Когда-то, на заре существования журнала «Если», в нем была опубликована глава из неизданного на тот момент «Сильмариллиона» — «Повесть о Берене и Лучиэнь».
И переводчик Дж. Р. Р. Толкина В. Гоушецкий выдвинул на страницах журнала интересную версию: будто бы автор своей эпопеей поведал читателям сюжеты реальных событий, которые произошли в предначальную эпоху.
У этой гипотезы есть немало сторонников (которые, естественно, относятся к ней с определенной долей условности).
И. Уотсон предлагает прямо противоположное решение: творческая энергетика автора столь велика, что способна из вымысла творить реальные миры, существующие где-то в параллельной Вселенной и принимающие людей в момент глобальных космических катастроф.
Пусть же сам автор расскажет о том, как он создавал свои миры.
Эти письма Дж. Р. Р. Толкина, написанные им в разные годы, на русском языке публикуются впервые.
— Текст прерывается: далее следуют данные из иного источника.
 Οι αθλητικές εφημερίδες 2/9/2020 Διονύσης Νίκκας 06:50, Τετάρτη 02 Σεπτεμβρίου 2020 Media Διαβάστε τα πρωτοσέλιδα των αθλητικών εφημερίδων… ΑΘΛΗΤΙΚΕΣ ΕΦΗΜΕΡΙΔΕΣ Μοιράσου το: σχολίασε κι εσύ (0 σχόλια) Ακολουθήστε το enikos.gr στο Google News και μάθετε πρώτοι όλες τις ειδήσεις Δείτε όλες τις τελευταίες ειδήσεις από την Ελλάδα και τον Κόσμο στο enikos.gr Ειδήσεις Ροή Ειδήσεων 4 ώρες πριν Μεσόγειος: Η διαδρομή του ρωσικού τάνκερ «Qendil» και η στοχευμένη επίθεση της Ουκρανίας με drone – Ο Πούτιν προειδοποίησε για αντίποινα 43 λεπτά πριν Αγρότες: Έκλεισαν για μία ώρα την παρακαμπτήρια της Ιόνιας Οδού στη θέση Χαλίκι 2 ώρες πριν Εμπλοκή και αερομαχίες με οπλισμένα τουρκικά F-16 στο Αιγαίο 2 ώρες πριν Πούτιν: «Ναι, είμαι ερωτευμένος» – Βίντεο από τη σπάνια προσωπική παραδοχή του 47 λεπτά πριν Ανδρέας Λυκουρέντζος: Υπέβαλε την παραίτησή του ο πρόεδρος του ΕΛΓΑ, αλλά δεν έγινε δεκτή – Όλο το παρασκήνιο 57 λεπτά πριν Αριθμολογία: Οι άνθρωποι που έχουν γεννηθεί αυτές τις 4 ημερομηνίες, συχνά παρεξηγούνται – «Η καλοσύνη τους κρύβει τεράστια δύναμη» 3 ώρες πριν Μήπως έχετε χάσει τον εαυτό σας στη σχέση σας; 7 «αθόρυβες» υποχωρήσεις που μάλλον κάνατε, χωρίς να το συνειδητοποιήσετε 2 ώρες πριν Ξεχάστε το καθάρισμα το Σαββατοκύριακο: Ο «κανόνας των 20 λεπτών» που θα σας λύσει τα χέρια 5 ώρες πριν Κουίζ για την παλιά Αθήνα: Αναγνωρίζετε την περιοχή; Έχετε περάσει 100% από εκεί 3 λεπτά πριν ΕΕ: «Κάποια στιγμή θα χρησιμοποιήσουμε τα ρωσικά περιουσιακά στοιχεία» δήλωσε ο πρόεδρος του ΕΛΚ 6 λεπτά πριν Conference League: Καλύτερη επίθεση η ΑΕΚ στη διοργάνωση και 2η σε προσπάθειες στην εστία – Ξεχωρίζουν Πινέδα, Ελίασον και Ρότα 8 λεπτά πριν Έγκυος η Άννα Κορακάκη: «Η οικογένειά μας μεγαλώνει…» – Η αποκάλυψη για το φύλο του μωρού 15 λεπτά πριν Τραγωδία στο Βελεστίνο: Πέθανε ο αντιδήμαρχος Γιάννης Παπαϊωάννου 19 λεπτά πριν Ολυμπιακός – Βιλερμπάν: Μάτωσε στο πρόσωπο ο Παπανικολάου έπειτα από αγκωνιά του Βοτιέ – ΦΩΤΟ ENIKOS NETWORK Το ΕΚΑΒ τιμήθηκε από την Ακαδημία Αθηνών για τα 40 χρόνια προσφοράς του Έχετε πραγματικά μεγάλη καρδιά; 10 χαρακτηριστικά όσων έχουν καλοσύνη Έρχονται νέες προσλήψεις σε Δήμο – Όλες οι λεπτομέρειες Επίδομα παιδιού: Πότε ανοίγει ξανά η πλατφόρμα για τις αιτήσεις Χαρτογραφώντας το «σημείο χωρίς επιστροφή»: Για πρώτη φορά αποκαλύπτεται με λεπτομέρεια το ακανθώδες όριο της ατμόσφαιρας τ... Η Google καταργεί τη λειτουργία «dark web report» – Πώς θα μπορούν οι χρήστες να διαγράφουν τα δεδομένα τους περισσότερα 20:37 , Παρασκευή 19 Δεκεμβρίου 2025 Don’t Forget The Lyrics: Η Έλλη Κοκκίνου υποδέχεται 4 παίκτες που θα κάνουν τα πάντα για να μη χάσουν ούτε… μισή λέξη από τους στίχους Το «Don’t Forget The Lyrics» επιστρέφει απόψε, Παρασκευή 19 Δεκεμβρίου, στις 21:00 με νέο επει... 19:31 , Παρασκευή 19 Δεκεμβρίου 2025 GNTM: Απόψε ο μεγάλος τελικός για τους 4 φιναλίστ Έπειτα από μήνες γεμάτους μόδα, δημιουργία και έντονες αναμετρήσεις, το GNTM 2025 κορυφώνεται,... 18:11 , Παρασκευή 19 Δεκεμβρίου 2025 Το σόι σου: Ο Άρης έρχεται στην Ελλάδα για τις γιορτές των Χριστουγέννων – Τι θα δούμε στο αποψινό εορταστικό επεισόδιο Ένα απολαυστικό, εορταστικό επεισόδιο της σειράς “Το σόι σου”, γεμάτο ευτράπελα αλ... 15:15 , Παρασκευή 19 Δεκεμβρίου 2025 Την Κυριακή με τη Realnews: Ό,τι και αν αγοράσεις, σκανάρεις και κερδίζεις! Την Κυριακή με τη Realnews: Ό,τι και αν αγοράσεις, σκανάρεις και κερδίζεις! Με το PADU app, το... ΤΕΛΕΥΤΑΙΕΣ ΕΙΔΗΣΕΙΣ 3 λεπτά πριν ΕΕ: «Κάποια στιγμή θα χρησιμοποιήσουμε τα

Теперь — что касается, так сказать, начала начал. Спрашивать об этом — приблизительно то же самое, что интересоваться, откуда появился язык. Я шел к своему миру с самого рождения. Лингвистические структуры всегда действовали на меня, как музыка или цвет; я с детства полюбил растения и с детства же прикипел (не подберу иного слова) к тому, что называется нордическим характером и северной природой. Если человеку хочется написать что-нибудь в этом духе, он должен обратиться к своим корням; и тот, кто родом с Северо-запада, волей-неволей, подчиняясь велению сердца, передаст дух этого края. Безбрежное Море бесчисленных поколений предков на Западе, бескрайние просторы (откуда обычно появляются враги) на Востоке. Кроме того, такой человек, пускай даже совершенно не знакомый с устной традицией, может вспомнить о молве, что идет о Морском Народе.
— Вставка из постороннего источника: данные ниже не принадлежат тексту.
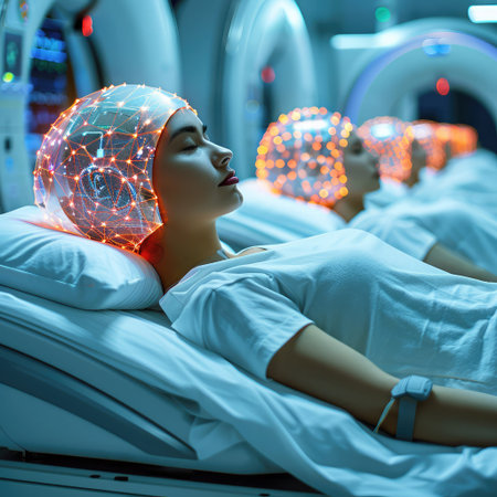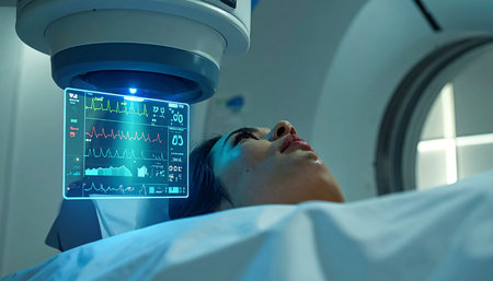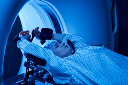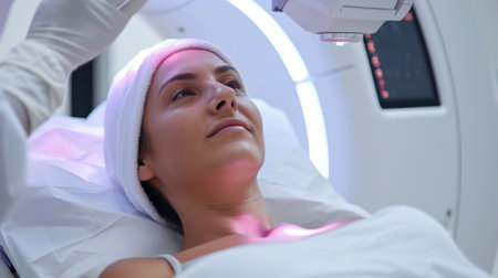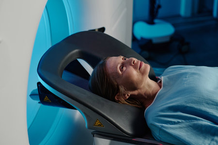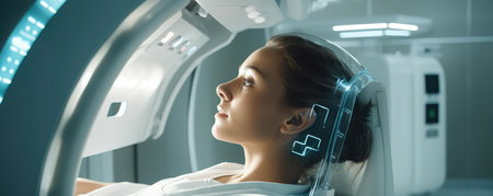 A woman lies in a cutting-edge MRI machine, preparing for a crucial health examination.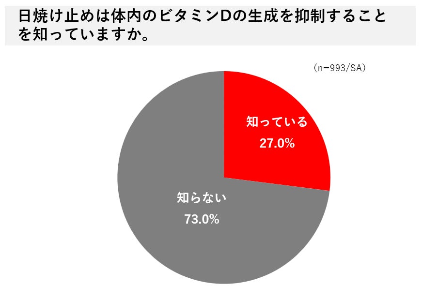 ・現代人がビタミンD不足であることが知っている人はおよそ半数(48.7%)に上りました。また日光浴からビタミンDが得られることを知っていたのはおよそ半数という結果に。一方で、日焼け止めは体内のビタミンDの生成を抑制することを知らなかった人は、7割以上(73.0%)にのぼりました。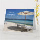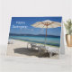 Tarjeta fotográfica con paraguas de playa y asientos de salón - perfecto para vacaciones, despedidas y retiros - personalizar frontal y mensaje interior. Gran tamaño perfecto para despedidas de oficina.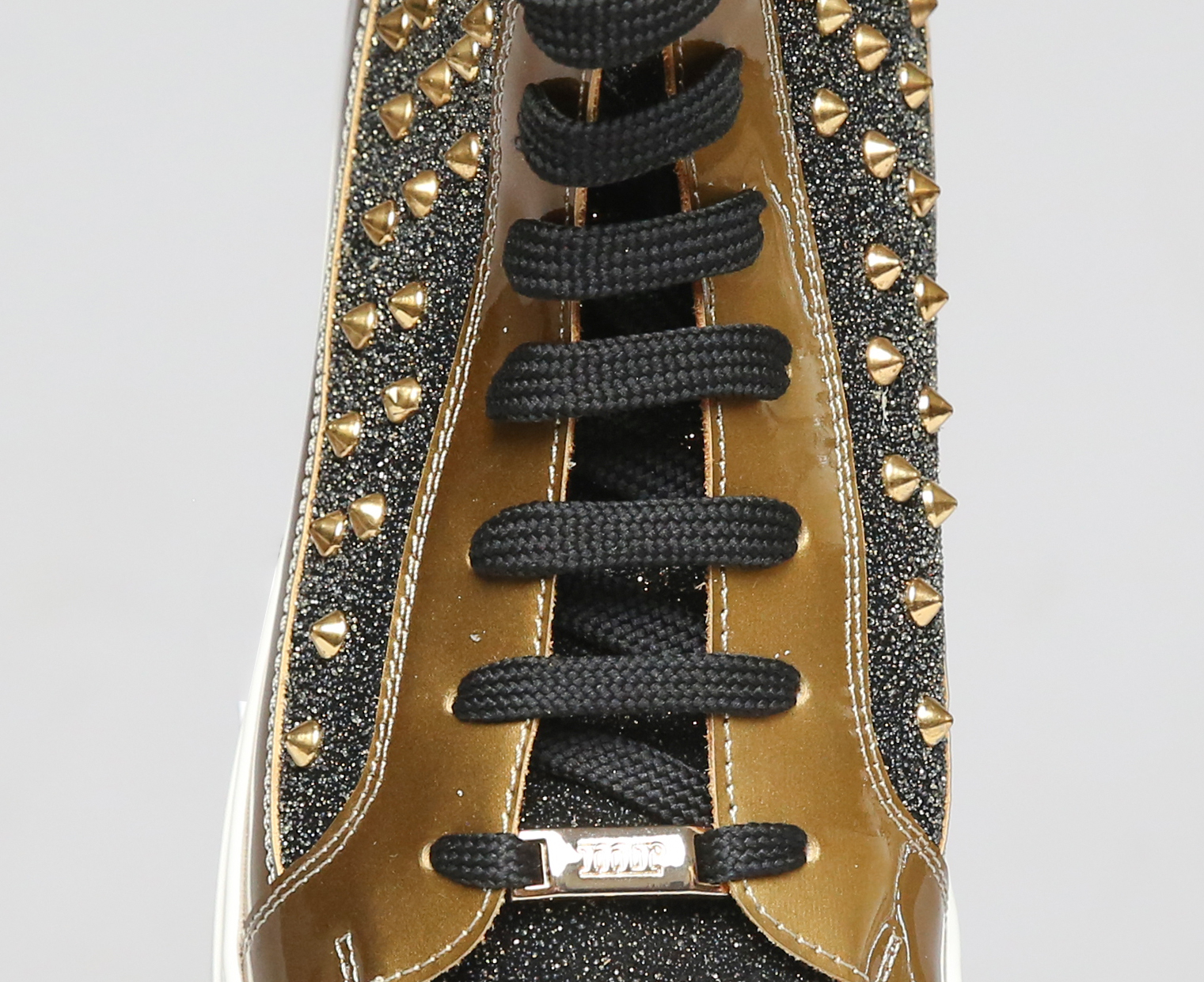 Gold-schwarzer, knöchelhoher Herrensneaker. Obermaterial aus goldenem Lackleder mit schwarzem Glitzer und goldfarbenen Nieten. Gepolsterter Kragen. Weiches Kalbslederfutter. Herausnehmbare Lederinnensohle, die durch eine eigene ersetzt werden kann. Weiße PU-Laufsohle.

Во мне присутствует то, что некоторые психологи именуют «комплексом Атлантиды». Вполне возможно, я унаследовал его от родителей, хотя они умерли слишком рано, чтобы поведать мне о чем-то подобном, слишком рано, чтобы я сам мог что-то такое о них узнать. От меня же, полагаю, этот комплекс унаследовал лишь один сын. До недавнего времени я об этом и не подозревал, а он до сих пор не знает, что мы с ним видим одинаковые сны. Я имею в виду сон, в котором Гигантская Волна поднимается в море и накатывает на берег, сметая деревья, заливая поля. В трилогии этот сон видит Фарамир. Правда, после того как написал «Падение Нуменора», последнюю легенду Первой и Второй Эпох, я больше не видел во сне ничего похожего.
Трудно остановиться, когда рассказываешь о себе, но я все же попробую и о годах учебы упомяну лишь вкратце. Я поступил в школу короля Эдуарда и большую часть времени тратил на изучение латыни и греческого. В школе я выучил англосаксонский (а также готский — по чистой случайности, а расписании его не было).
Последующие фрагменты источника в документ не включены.